Without even meaning to, I compared my real mother and my supposed mother in my head. I immediately understood why my father would do that, if he was so vain as to only care about looks – which he was…

“Do you understand now, my dear?” Thomas asked me.

“Yes, yes,” I said, nodding. “But, why didn’t he just let it be known that he had a child out of wedlock? He wasn’t mayor then.”

“Yes, but your father had been campaigning for mayor years before you were born. He knew that if the people knew he was such a hypocrite as to have an affair with a woman, and then not condone that in public,” Thomas explained.

“So he told Katherine and she went along with it?” I asked.

“Did you just call your mother Katherine?” Thomas asked with wide eyes.

“She’s not my mother,” I said bitterly.

“Your birth mother or not Rose, Miss Katherine raised you,” Thomas said.

“Don’t lie to yourself,” I muttered.

“She fed you and changed your cloths didn’t she?” he asked.

“Well, yes, but-“

“Then she is your mother, Rose.”

“But they lied to me!” I said, breaking eye contact with Thomas. I turned and put my head on my forehead again. This feeling must not be good for my baby.

I paused. Did I just think about the thing inside of me? It’s not that I didn’t want it – or her, or him – but this is the worst time! I’m not together with her father!

Once again, I stopped myself. I just determined the gender of my child. My hand was on my stomach, stroking it softly. I hadn’t even realized I had been doing that.

I must be going insane.

“Rose,” Thomas said. “It was for the best. They protected you.”

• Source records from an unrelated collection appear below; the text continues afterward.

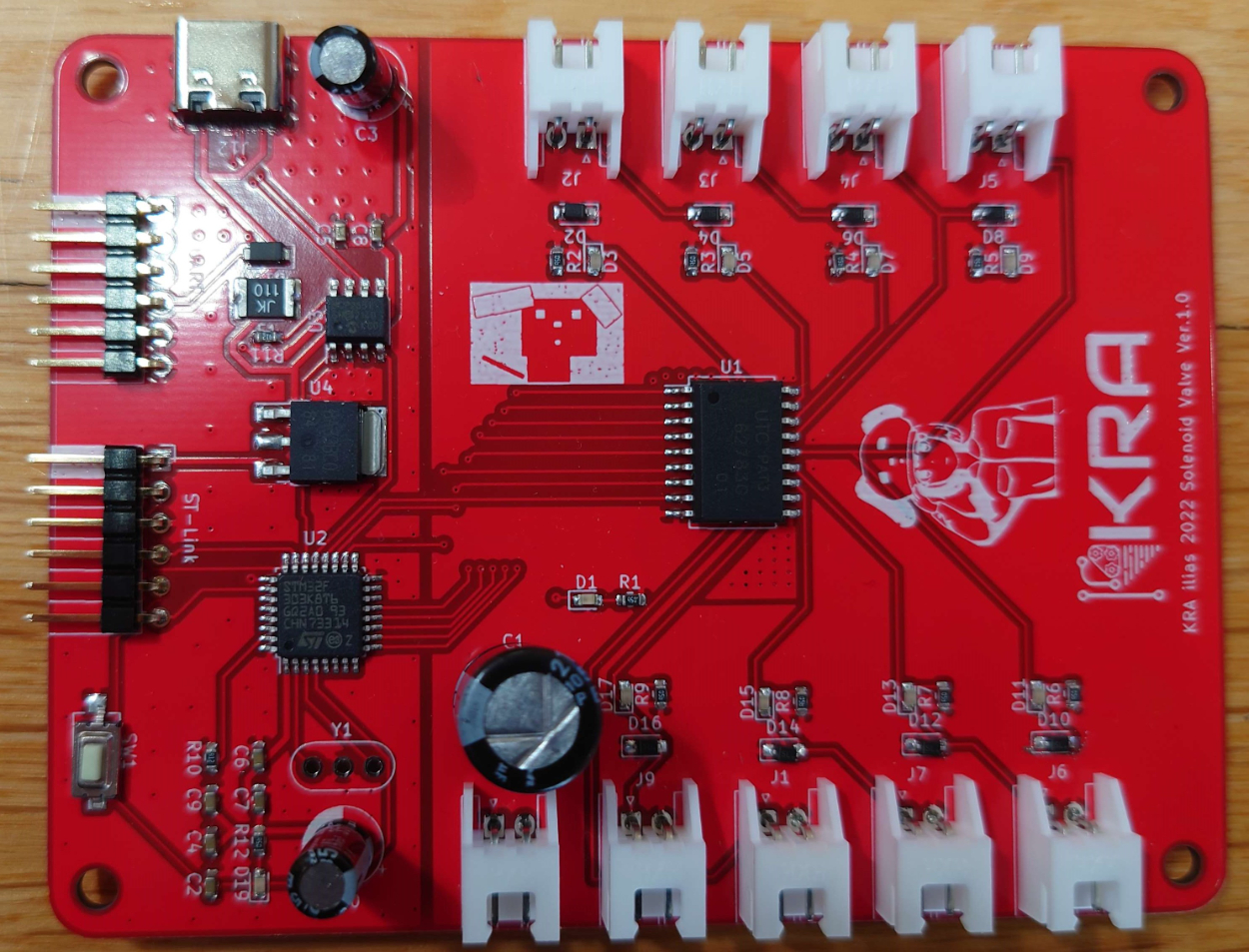 電磁弁制御基板はCAN通信とUART通信を実装し、別のマイコンから受けたコマンドにしたがって基板に接続した電磁弁を制御する設計です。
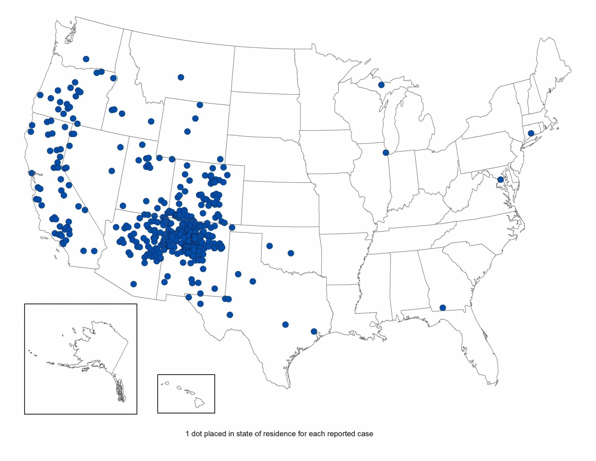 According to the U.S. Centers for Disease Control and Prevention, an average of seven human plague cases are reported each year in the United States. The last urban plague epidemic in the United States occurred in Los Angeles from 1924 through 1925.
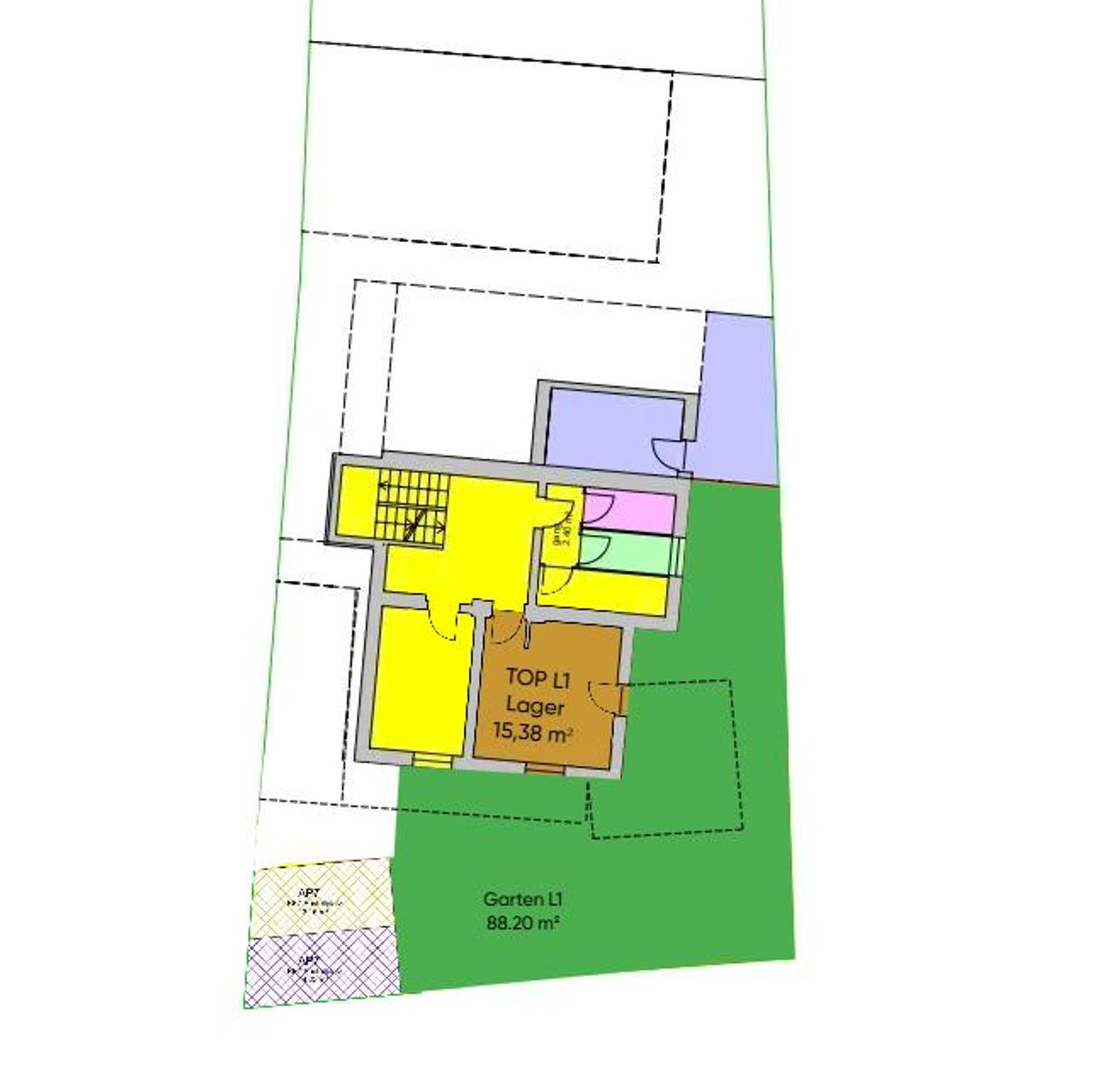 Der rund 88 m² große Garten bietet ausreichend Platz für individuelle Gestaltung – ob als stilvolle Chill-Out-Area, urbaner Gemüsegarten oder persönlicher Erholungsraum. Anders als bei klassischen Gartenparzellen profitieren Sie hier zusätzlich von einer geschlossenen Einheit im Gebäude (ca. 15 m²), die vielseitig nutzbar ist.
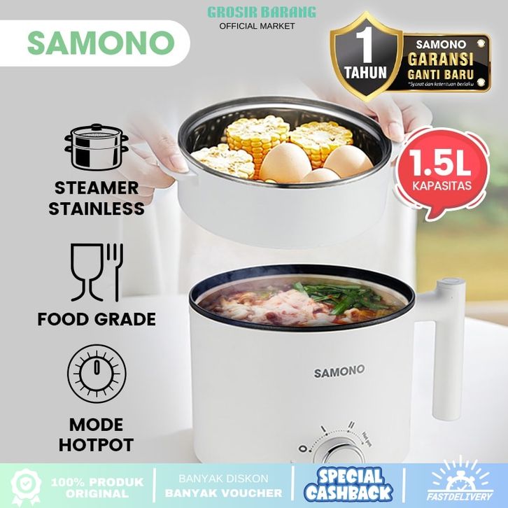 Panci Listrik Multifungsi Samono Kukusan Tutup Kaca 1.5 Liter Stainless Steamer 150 Watt

“How did they protect me? They lied to me, nothing else!” I yelled, turning to face Thomas.

He looked at me apprehensively for a second and spoke. “Rose, do you have any idea of what they do to children that were born out of wedlock?”

I shook my head. “No.”

“It’s not a law,” Thomas began, “but the townspeople despise them. If they get caught outside alone, something bad happens. Some have been kidnapped and killed. Some have been slaughtered at the scene,” Thomas told me in a flat voice.